Microscopía de dos fotones para obtener imágenes de la morfología neuronal en una cría de ratón

Comience configurando la luz de excitación para el microscopio de dos fotones.

Tomemos un cachorro de ratón transgénico anestesiado con una ventana circular de imágenes de vidrio y una placa para la cabeza implantada en su cráneo.

Las neuronas expresan proteínas fluorescentes rojas para facilitar la obtención de imágenes.

Limpie la ventana de imágenes de vidrio y asegure al cachorro en la etapa de imágenes de dos fotones.

Alinee la ventana de imágenes con el objetivo del microscopio ajustando la cabeza del cachorro.

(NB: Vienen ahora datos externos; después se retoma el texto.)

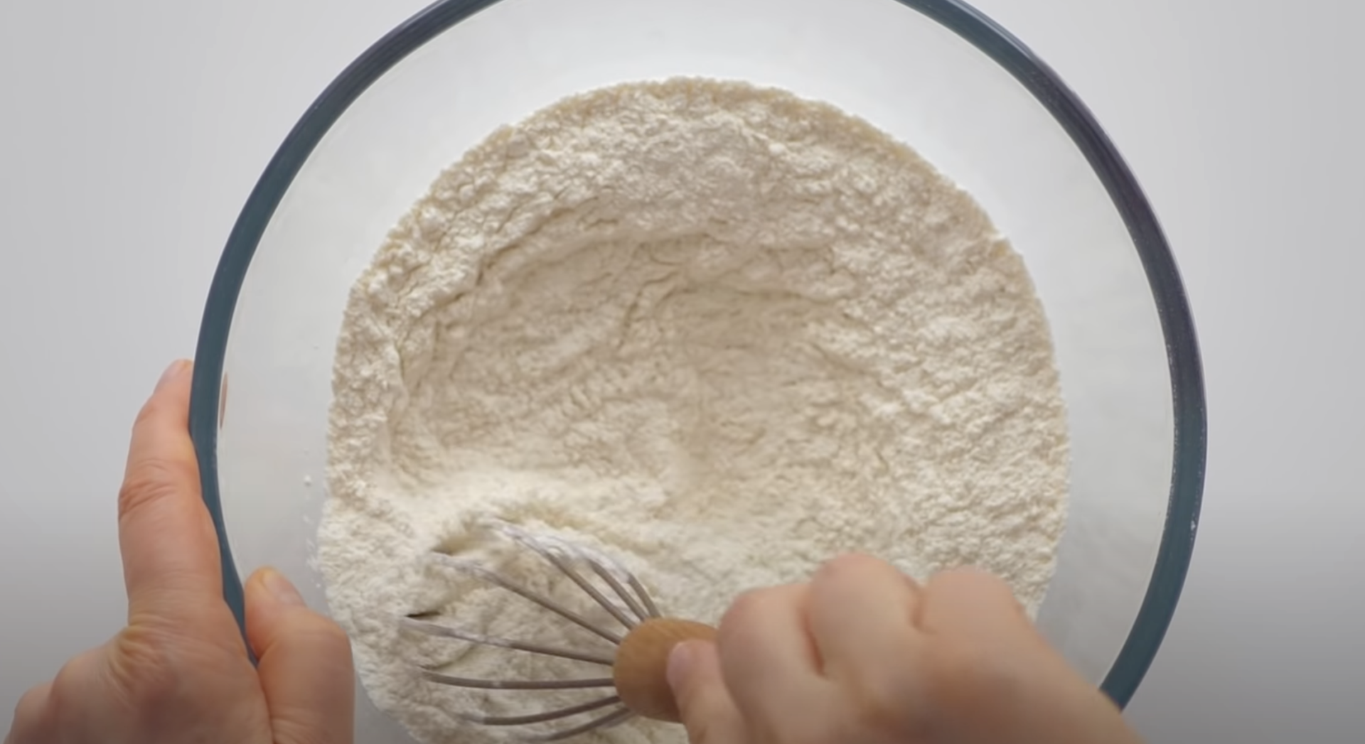 Nasmaruj olejem lub masłem formę do pieczenia o średnicy 27 cm i posyp mąką. W misce wymieszaj przesianą mąkę z proszkiem do pieczenia.
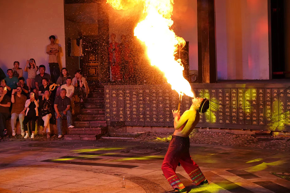 在葛仙村內(nèi),各種特色小店吸引了大家的注意力,激發(fā)了旺盛的購(gòu)買(mǎi)欲。當(dāng)晚,不僅有美輪美奐的燈光秀表演,還有特色的篝火晚會(huì),同事們與當(dāng)?shù)鼐用窈推渌慰蛡円黄疠d歌載舞,為第一天的行程畫(huà)上圓滿的句號(hào)。
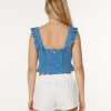Embody your inner chic surfer girl in the Coastal Cruisin top. Featuring a soft stretch cotton rib with garment wash, flirty ruffle sleeve and a sweetheart neckline, this piece is perfect for a warm day or night.
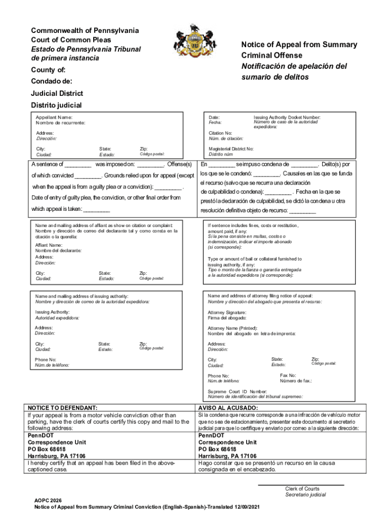 Obtener el gratis Notice of Appeal from Summary Criminal Offense ...
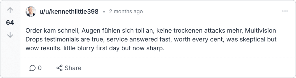 Been using 10 days, dryness gone eyes comfy all day even after PC work. Multivision Drops ingredients shine, no side effects saw sharper text fast. Shipping took 5 days but worth it, buy from official website avoid fakes.
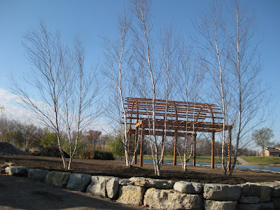 Hakonechloa macra 'Naomi') that I feel is exaggerated in catalog photos but still appealing. Below is a shot of our new structure on "the point" with the five new (and sizeable) 'Whitespire' birches (
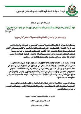 أعرب فصيل من حركة المقاومة الإسلامية حماس في سوريا عن استياء أبناء الحركة في سوريا من مشاركة وفد بقيادة اسماعيل هنية في الصلاة على الهالك قاسم سليماني، وقال بيان للحركة : أبناء حركة المقاومة الإسلامية حماس في سوريا
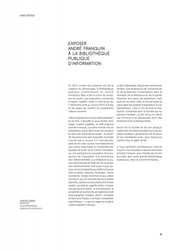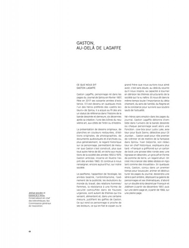 Alors que les Editions Dupuis célèbreront en 2017, les 60 ans de Gaston Lagaffe, la Bpi du Centre Pompidou lui consacre une exposition qui se tiendra du 7 décembre 2016 au 10 avril 2017. Cet ouvrage nous révèle les coulisses du travail de Franquin, la pertinence de son regard sur une société en permanente évolution et son lien infini avec ce personnage. En 1957, personne n'avait perçu autant que lui combien la jeunesse aspirait à de nouvelles valeurs, dont les évènements de Mai 68 marquèrent l'avènement. Gaston, héros sans emploi, mais héros de son époque assurément. Ce catalogue d'exposition de plus de 200 pages est riche d'une iconographie de grande qualité, alternant les documents d'archives, les photographies ou les dessins originaux, chaque fois mis en lumière par de nombreux extraits d'entretiens et commentaires de Franquin lui-même. Nul doute que ce catalogue réjouira tous les amateurs de cette oeuvre hors norme et deviendra rapidement un livre de référence.
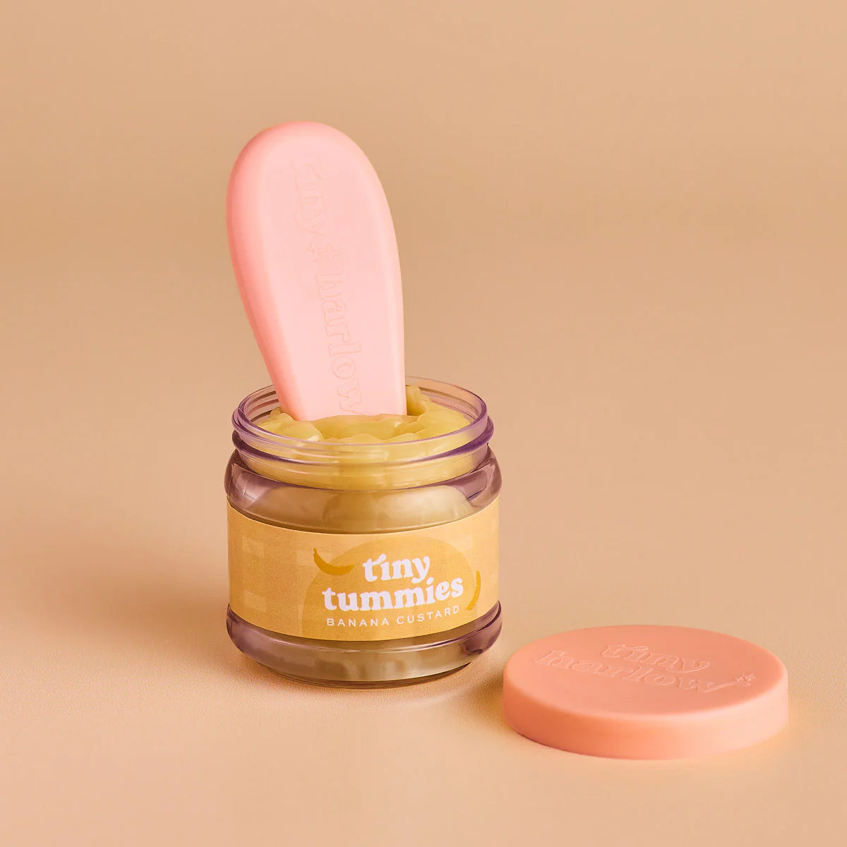 Este set se presenta en un bonito packaging individual y forma parte de la colección Tiny Tummies, disponible en distintos sabores: Coconut Yoghurt, Grape Jelly, Roast Chicken Dinner, Apple Purée, Banana Custard, Chocolate Custard, Strawberry Custard y Peach Jelly.
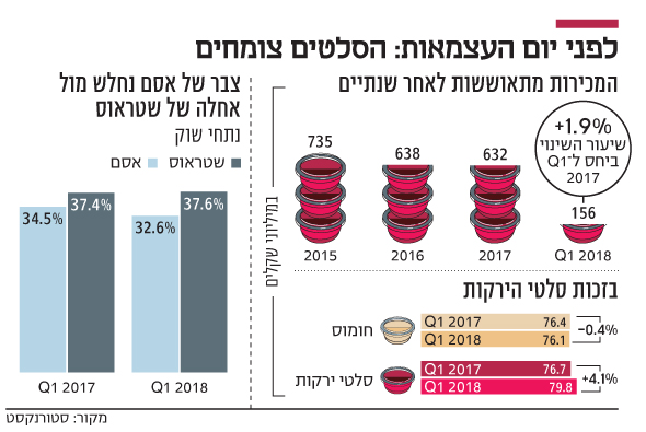 מכירות הסלטים חוזרות לצמוח ברבעון הראשון של 2018 לאחר שנפגעו בשל הירידה בצריכת הבשר ומשבר הזיהומים. הצרכן עדיין לא חזר להאמין בחומוס
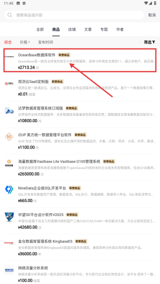 3、在模板市场商品列表里,找到OceanBase数据库软件商品,查看详情。
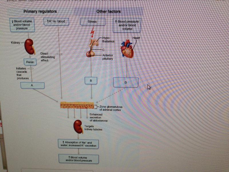 Which letter represents the hormone that promotes a decrease in blood pressure and a loss of sodium and water in urine?

Use una almohadilla térmica para mantener la temperatura corporal del cachorro.

Ajuste el caudal anestésico.

Aplique una gota de agua sobre el cubreobjetos y, a continuación, baje la lente del objetivo del microscopio.

La microscopía de dos fotones utiliza dos fotones de luz para activar proteínas fluorescentes, lo que permite obtener imágenes neuronales detalladas con un mínimo de ruido de fondo y fotoblanqueo.

Capture imágenes de las neuronas a varias profundidades para visualizar su estructura

Finalmente, apile las imágenes para generar una representación tridimensional de la neurona, incluidas sus proyecciones neuronales, para estudiar los cambios morfológicos relacionados con el crecimiento.

Para comenzar a obtener imágenes, primero configure la longitud de onda del láser de dos fotones. Para la excitación RFP, use una longitud de onda de 1,000 nanómetros. Limpie la superficie del cubreobjetos con etanol al 70%. Fije el cachorro anestesiado a la placa de titanio en la platina de imágenes con la barra de titanio. Utilice la platina del goniómetro para ajustar la cabeza de modo que el cubreobjetos quede paralelo a la lente del objetivo.

Mantenga la temperatura corporal del cachorro durante las imágenes, usando una almohadilla térmica a 37 grados Celsius, y reduzca la concentración de isoflurano a 0.7% a 1%. Coloque la platina de imágenes debajo de la lente del objetivo de 20X del microscopio de dos fotones. Aplique una gota de agua sobre el cubreobjetos.

Configure el software para adquirir imágenes de pila z a intervalos de 1,4 micras. Para las imágenes de neuronas de capa cuatro, establezca el ancho z entre 150 y 300 micras para obtener imágenes de toda la morfología dendrítica. Utilice el escaneo lento y el promedio para obtener imágenes claras que muestren la morfología neuronal.

Por lo general, se tarda más de 20 minutos en adquirir toda la morfología dendrítica.